Here the job is to transcribe only the lines from the one containing "Dê aos seus" through the last line below, exactly as written; please leave out pictures.

■ **Raw data**:
◆ ◆ ◆
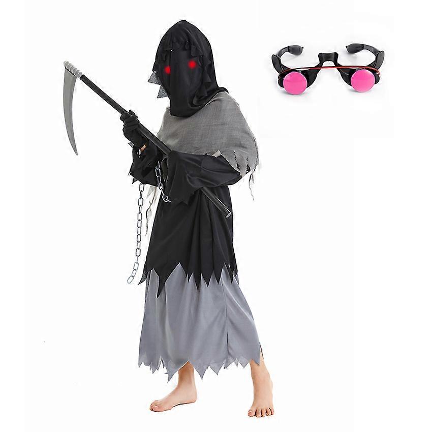 Grim Reaper Costumes LED Luminous Eyes Scythe Party Cosplay Anime Medieval Halloween Costume for Kid Witcher Dress Carnival Prop
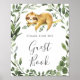 Dê aos seus hóspedes uma direção encantadora com nosso sinal de guia de preguiça dormindo, com cor d'água verde eucalipto garland e uma elegante fonte de estilo manuscrito.
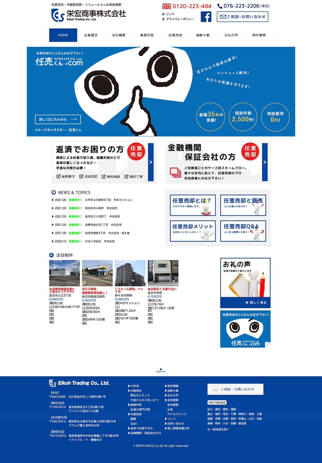 任意売却のあらゆる複雑なケースも解決してきた、知識、経験、実績が強みの「栄宏商事」様のサイトを制作させていただきました。コーポレートサイトの位置づけでありながら、任意売却に特化した内容としており、より対象を絞ったものになっております。北陸のみならず、関東、近畿、中部、九州エリアでも対応されている、プロの不動産会社です。また、ウェブ・ブランディングとしてスマホ対応やWordPress管理にて、運用されております。
◆ ◆ ◆
■ **Exercise response**:
 Dê aos seus hóspedes uma direção encantadora com nosso sinal de guia de preguiça dormindo, com cor d'água verde eucalipto garland e uma elegante fonte de estilo manuscrito.
 任意売却のあらゆる複雑なケースも解決してきた、知識、経験、実績が強みの「栄宏商事」様のサイトを制作させていただきました。コーポレートサイトの位置づけでありながら、任意売却に特化した内容としており、より対象を絞ったものになっております。北陸のみならず、関東、近畿、中部、九州エリアでも対応されている、プロの不動産会社です。また、ウェブ・ブランディングとしてスマホ対応やWordPress管理にて、運用されております。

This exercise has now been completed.